The goal of this project is to build a predictive text model capable of suggesting the next word based on previously entered words. This milestone report focuses on exploratory analysis of the training data to understand its structure, size, and basic characteristics.

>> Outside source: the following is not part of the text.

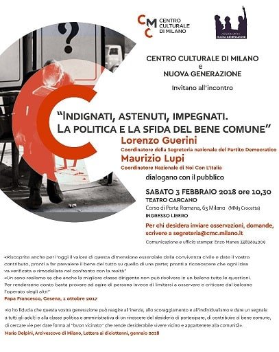 Il Centro Culturale di Milano e l’associazione “Nuova Generazione” hanno organizzato, in prossimità dell’imminente tornata elettorale, provocati dall’intervento del Papa a Cesena, l’incontro dal titolo “Indignati, astenuti, impegnati. La politica e la sfida del bene comune”. Una bella ed interessante iniziativa per cominciare ad entrare nel merito, evitando il rischio di stare al balcone o di appiattirsi su posizioni ideologiche. Questa circostanza decisiva per il Paese in cui tutto appare confuso e rissoso può essere reale occasione per un contributo.
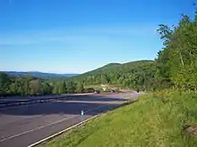 A grade crossing with a flashing overhead warning beacon was replaced in 2000 by a grade-separated exit, making the Appalachian Trail's crossing here less hazardous.[10] The Taconic levels off into a narrow section bearing due northeast along Hosner Mountain's steep west slope, with stone walls on either side. This ends after a mile with the Interstate 84 (I-84) interchange, the only full cloverleaf along the Taconic.[11]

The dataset used is provided by Coursera and contains text data from blogs, news articles, and Twitter.
library(stringi)
library(ggplot2)
library(dplyr)
if(!file.exists("Coursera-SwiftKey.zip")) {
download.file(
"https://d396qusza40orc.cloudfront.net/dsscapstone/dataset/Coursera-SwiftKey.zip",
destfile = "Coursera-SwiftKey.zip"
)
unzip("Coursera-SwiftKey.zip")
}
blogs <- readLines("final/en_US/en_US.blogs.txt", encoding = "UTF-8", skipNul = TRUE)
news <- readLines("final/en_US/en_US.news.txt", encoding = "UTF-8", skipNul = TRUE)
twitter <- readLines("final/en_US/en_US.twitter.txt", encoding = "UTF-8", skipNul = TRUE)
summary_table <- data.frame(
File = c("Blogs", "News", "Twitter"),
Lines = c(length(blogs), length(news), length(twitter)),
Words = c(
sum(stri_count_words(blogs)),
sum(stri_count_words(news)),
sum(stri_count_words(twitter))
),
Characters = c(
sum(nchar(blogs)),
sum(nchar(news)),
sum(nchar(twitter))
)
)
summary_table
## File Lines Words Characters
## 1 Blogs 899288 37546806 206824505
## 2 News 1010206 34761151 203214543
## 3 Twitter 2360148 30096690 162096241
set.seed(123)
sample_blogs <- sample(blogs, length(blogs) * 0.01)
sample_news <- sample(news, length(news) * 0.01)
sample_twitter <- sample(twitter, length(twitter) * 0.01)
sample_data <- c(sample_blogs, sample_news, sample_twitter)
words <- unlist(strsplit(tolower(sample_data), "\\s+"))
word_freq <- sort(table(words), decreasing = TRUE)
top_words <- data.frame(
word = names(word_freq)[1:20],
freq = as.numeric(word_freq[1:20])
)
ggplot(top_words, aes(x = reorder(word, freq), y = freq)) +
geom_bar(stat = "identity", fill = "steelblue") +
coord_flip() +
labs(
title = "Top 20 Most Frequent Words",
x = "Word",
y = "Frequency"
)
The final predictive model will be based on n-gram language models. The processed text data will be tokenized and used to predict the next word based on user input.
A Shiny web application will be developed to provide real-time predictions in a simple and user-friendly interface.